16. A method of manufacturing an organic light-emitting device, the method comprising:

providing a substrate;

forming a plurality of first electrodes on the substrate in a first light-emitting region, a second light-emitting region, and a third light-emitting region;

forming a first common layer on the substrate such that the first common layer covers the first electrodes;

forming a first light-emitting layer in the first light-emitting region and on the first common layer using a first mask;

forming a second light-emitting layer in the second light-emitting region and on the first common layer using a second mask;

commonly forming a second common layer on the first light-emitting layer and the second light-emitting layer;

forming a second electrode on the second common layer; and

commonly forming a common third light-emitting layer in the first light-emitting region, the second light-emitting region, and the third light-emitting region between the first common layer and the second common layer.

17. The method as claimed in claim 16, wherein the common third light-emitting layer is formed prior to forming the first light-emitting layer and the second light-emitting layer such that the common third light-emitting layer is between the first common layer and the first light-emitting layer and between the first common layer and the second light-emitting layer.

18. The method as claimed in claim 16, wherein the common third light-emitting layer is formed after forming the first light-emitting layer and the second light-emitting layer such that the common third light-emitting layer is between the second common layer and the first light-emitting layer and between the second common layer and the second light-emitting layer.

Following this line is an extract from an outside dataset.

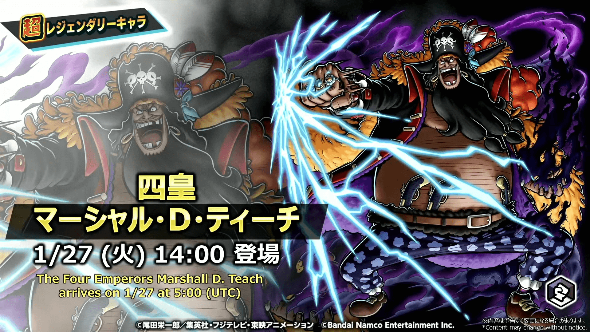 新超フェスキャラとして、四皇黒ひげの実装が告知された。四皇黒ひげは、黒白の2属性を持った能力者特攻アタッカーだ。機動力に難はあるが、四皇ニカやサターン聖を狩れる性能を持った魅力的なキャラ。

19. The method as claimed in claim 16, further comprising forming a common auxiliary layer after forming the first common layer such that the common auxiliary layer is between the first common layer and the common third light-emitting layer.

20. The method as claimed in claim 16, further comprising forming a common auxiliary layer prior to forming the second common layer such that the common auxiliary layer is between the second common layer and the common third light-emitting layer.